Unter den chinesischen Herstellern humanoider Roboter gehe Agibot in der Expansion in Europa „derzeit am professionellsten“ vor, sagte Georg Stieler, Robotik-Berater mit Fokus auf China. Das Unternehmen habe schon im Oktober 2025 sein Europageschäft gestartet, beschäftige knapp 20 Personen in Europa und habe ein Netz lokaler Vertriebspartner.
Die Fabrik soll eine der ersten in Europa für die Massenproduktion humanoider Roboter sein. Ende August hatte die Frankfurter Allgemeine Sonntagszeitung berichtet, dass der Stuttgarter Technologiekonzern Bosch im kommenden Sommer mit der Serienproduktion humanoider Roboter beginnen will. Dafür tun sich die Stuttgarter mit dem britischen Start-up Humanoid zusammen. Bosch übernimmt die Produktion im Auftrag von Humanoid.

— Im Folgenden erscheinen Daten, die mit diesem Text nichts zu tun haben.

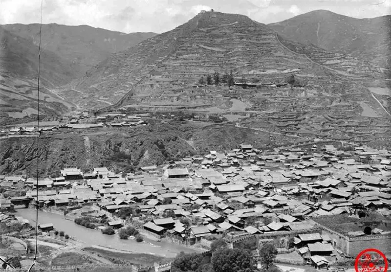 这个角度下把整个松潘镇一股脑搁进来,山坡像被怪手扒拉过,一圈圈梯田,密密麻麻的屋脊顺着河岸叠成小海浪,那时候城镇没什么高楼,青瓦房一间叠一间,屋外蜿蜒着一条水路,偶尔有烟气从屋檐悠悠冒起来,我小时候见过类似场景,兴奋得只敢远远看着,怕惊扰了屋里出来做饭的人家,这种地形天一黑人影就模糊成影子,一切都归于静了。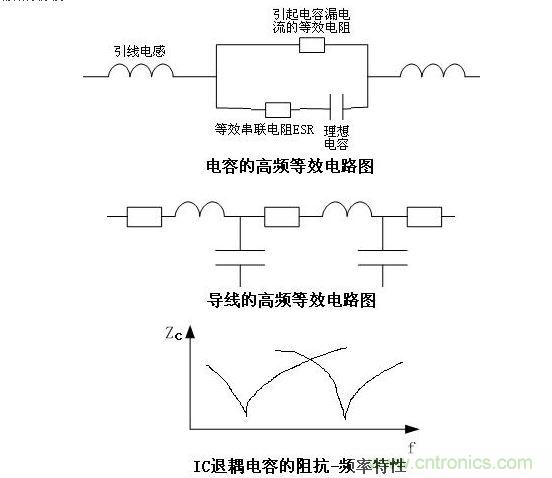 dianrong,zaizhongdipinhuozhiliuqingkuangxia,jiushiyigechunengzujian,zhibiaoxianweiyigedianrongdetexing,danzaigaopinqingkuangxia,tajiubujinjinshigedianrongle,tayouyigelixiangdianrongdetexing,youloudianliu(在高頻等效電路上表現為R),有引線電感,還在導致電壓脈衝波動情況下發熱的ESR(等效串聯電阻),(如圖)。從這個圖上分析,能幫我們設計師得出很多有益的設計思路。第一,按照常規思路,1/2πfcshidianrongderongkang,yinggaishipinlvyuegao,rongkangyuexiao,lvboxiaoguoyuehao,jiyuegaopindezaboyuerongyibeixiefangdiao,danshishibingfeiruci,yinweiyinxiandiangandecunzai,yizhidianrongjinjinzaiqi1/2πfc=2πf L等式成立的時候,才是整體阻抗最小的時候,濾波效果才最好,頻率高了低了都會濾波效果下降,由此就可以分析出結論,為什麼在IC的VCC端都會加兩支電容,一支電解的,一支瓷片的,並且容值一般相差100倍以上多一點。就是兩支不同的電容的諧振頻率點岔開了一段距離,既利於對稍高頻的濾波,也利於對較低頻的濾波。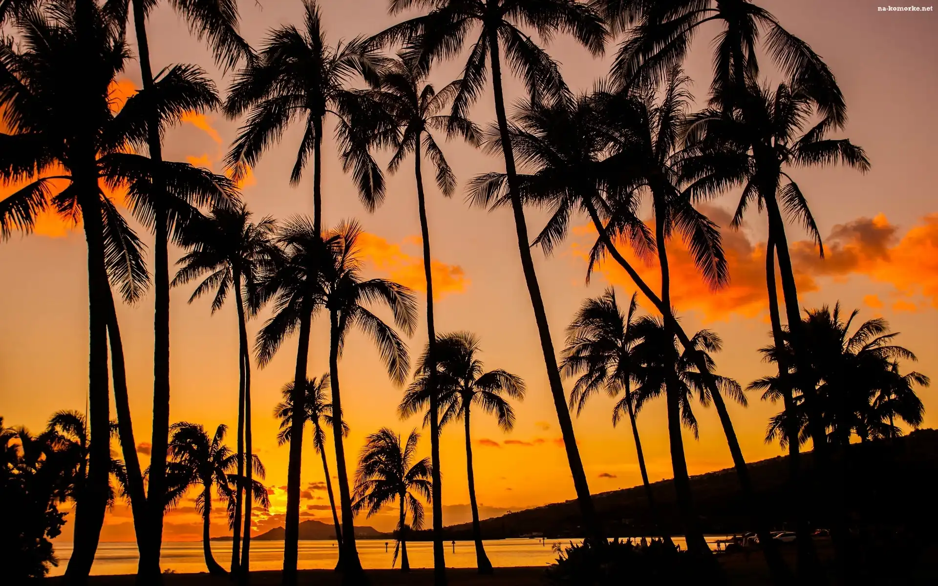 Palmy, Hawaje, USA, Ocean, Zachód, Słońca, Wyspa na Komórkę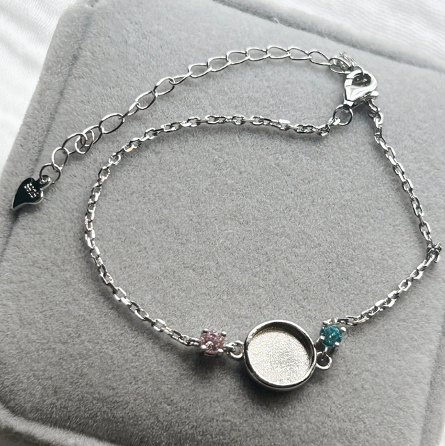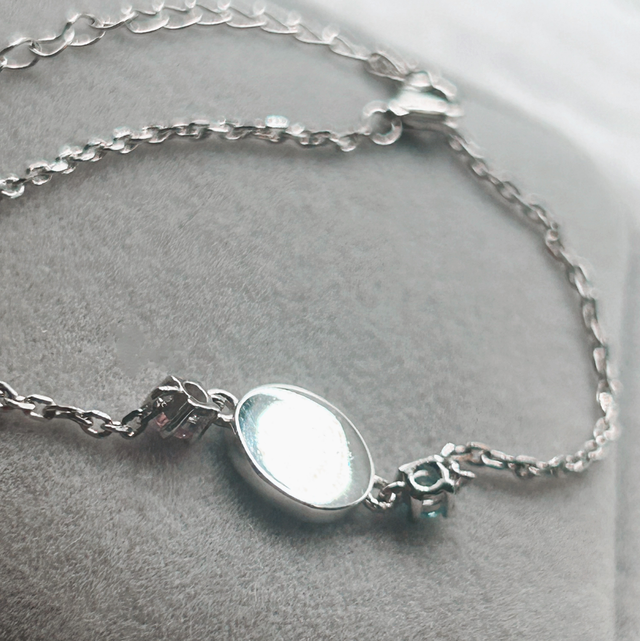 ✿ Armbånd i nikkelfritt 925 solid sterlingsølv ~ rhodiumbelagt / 8mm og 2 fødselsteiner (mars - oktober) som også kan representere fargen til en jente og en gutt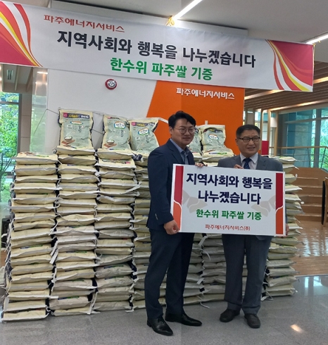 파주시사회복지협의회(회장 최명성)는 지난 6일 파주시 에너지 서비스(파주ES)로부터 한수위 파주쌀 590포(5,900Kg)를 기탁 받아 관내 취약계층을 대상으로 나눔을 실천했다고 밝혔다.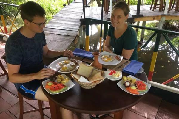 Součást resortu je „plovoucí restaurace“ na přilehlém jezeře, které pojme až 25 hostů a na které můj společník s manželkou připravují skvělé pokrmy z místní gastronomie.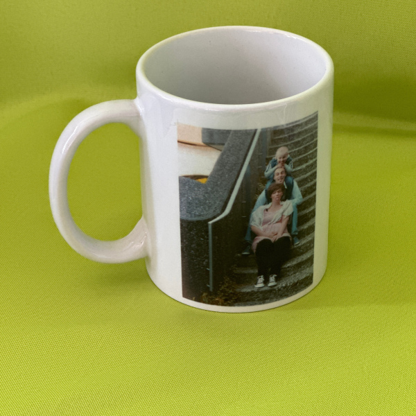 Kaffee oder Teetasse weiss mit wunschmotiv bedruckt.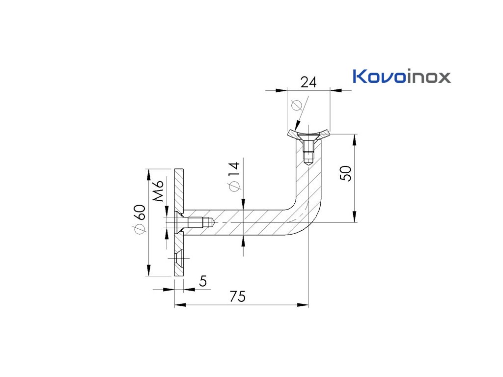 Držiak madla na stenu na trubku 42.4mm, brúsený povrch K320/ nerez AISI304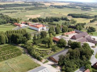 Clausholm Avlsgård med slot og park i baggrunden.

Vučić wirbt um chinesische Investitionen
„In einer Zeit rapider technologischer Entwicklung darf Serbien nicht hinter die führenden Weltmächte zurückfallen und muss sich an die neue technologische Ära anpassen“, wird Vučić in einer Mitteilung zitiert. Der Politiker nutzte die Eröffnung für einige öffentlichkeitswirksame Bilder und spielte etwa Fußball mit einem der Roboter. Im Juni war der Politiker mit humanoiden Robotern, offenbar auch von Agibot, aufgetreten. Vučić sucht seit Jahren die Nähe zu Peking und zieht Investitionen chinesischer Unternehmen an Land, etwa in die Infrastruktur.
Die chinesische Parteizeitung „Global Times“ schrieb, Serbien bewege sich an die vorderste Front der Massenproduktion humanoider Roboter und könne eine „Verbindung zwischen chinesischen technologischen Fähigkeiten und europäischer Marktnachfrage“ schaffen. Zudem fülle die Fabrik eine Lücke in lokalisierter Massenproduktion, zitierte das Propagandamedium einen Wissenschaftler.

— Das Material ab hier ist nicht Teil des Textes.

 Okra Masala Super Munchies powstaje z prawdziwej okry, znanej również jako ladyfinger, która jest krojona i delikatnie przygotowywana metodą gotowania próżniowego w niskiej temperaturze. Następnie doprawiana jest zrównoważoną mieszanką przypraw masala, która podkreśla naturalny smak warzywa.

Der Vorstoß Agibots nach Europa steht im Kontrast zur Politik der US-Regierung. Diese hatte Ende Juli den Import neuer Roboter aus China verboten. Neue Roboter erhalten demnach keine Zulassung der Kommunikationsaufsicht FCC mehr, diese ist aber für den Import notwendig. Die Roboter könnten genutzt werden, um Amerikaner auszuspionieren, hieß es von der FCC.
Humanoide Roboter gelten als mögliche Zukunftsbranche. Vor allem die chinesische Regierung verspricht sich viel von den Robotern in Menschenform und hat sie im 15. Fünfjahresplan, der den Zeitraum bis zum Jahr 2030 abdeckt, als eine vielversprechende Industrie definiert. Die Unternehmen erhalten hohe Subventionen von der Zentral- und den Lokalregierungen.

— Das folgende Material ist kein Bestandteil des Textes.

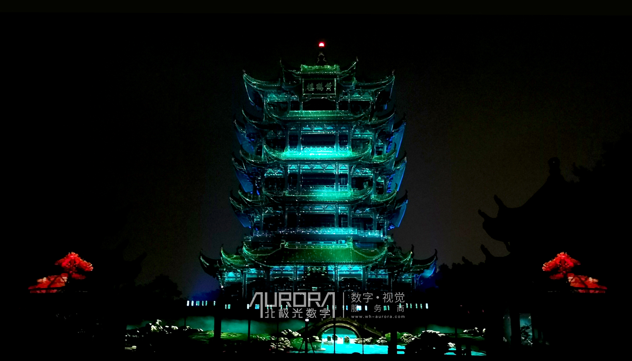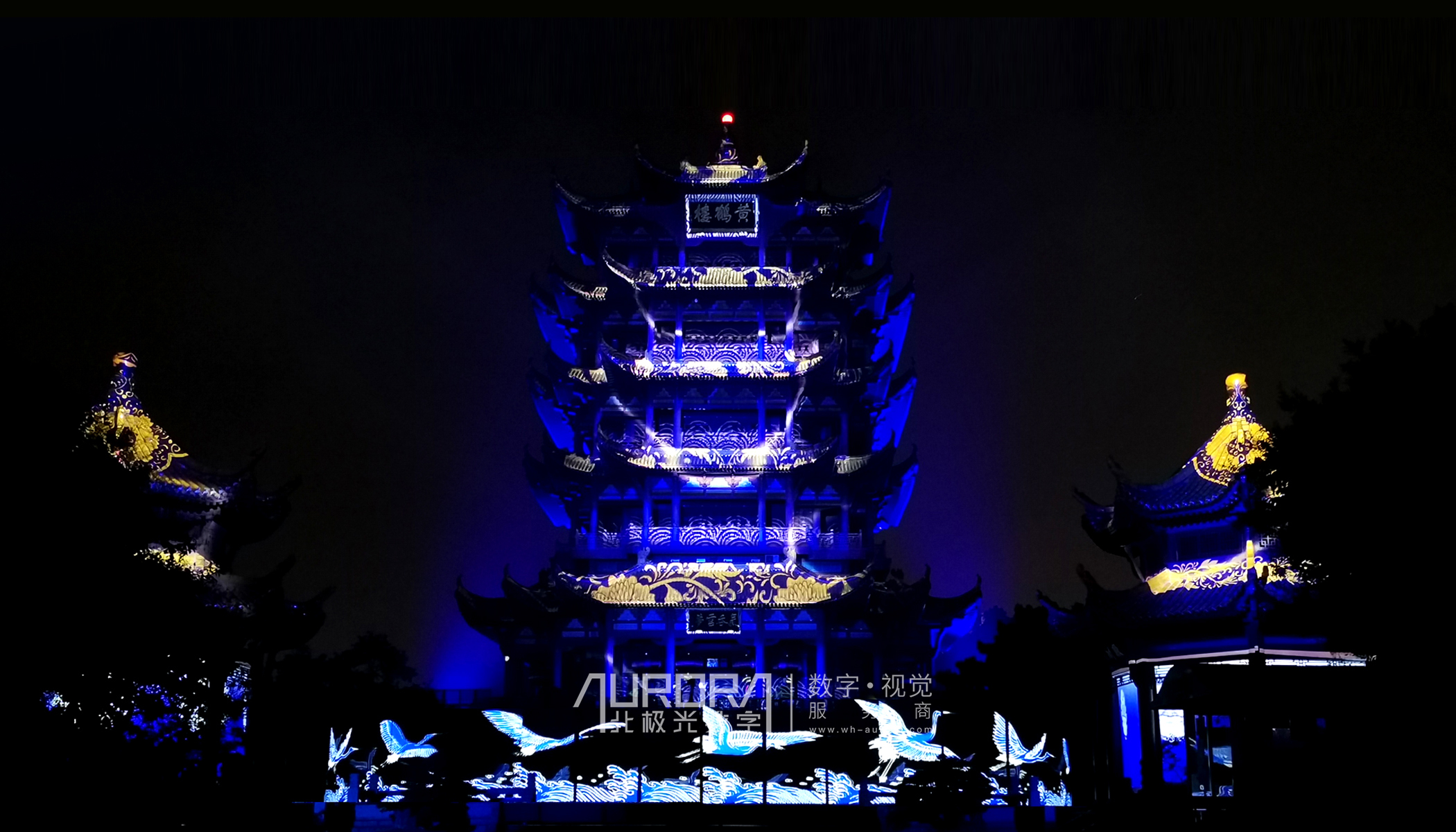 极光造梦,点亮黄鹤之巅,融合厚重史韵与世间繁华,将此千年城市发展岁月,化作一曲光影礼赞。12台巴可UUDX-4K32数字投影机,1500㎡超大视效投影面,楼体形态精准对位。史诗级裸眼3D mapping秀,魅力光影点亮夜色繁华。

Ende August sorgten die Weltspiele für humanoide Roboter und eine große Robotikmesse in Peking für Aufsehen. Der Agibot-Konkurrent Unitree machte derweil mit einem fulminanten Börsengang in Shanghai Schlagzeilen. Agibot ist in den sozialen Medien bisher weniger präsent als Unitree. Im ersten Halbjahr hat das Unternehmen laut dem Marktforschungsunternehmen Counterpoint Research aber 9700 humanoide Roboter ausgeliefert und damit einen globalen Marktanteil von 43 Prozent erzielt, während Unitree auf 31 Prozent kam. Bei den kürzlich in Peking ausgetragenen Weltspielen für humanoide Roboter holte Agibot 18 Goldmedaillen und lag damit eigenen Angaben zufolge ganz vorn im Medaillenspiegel.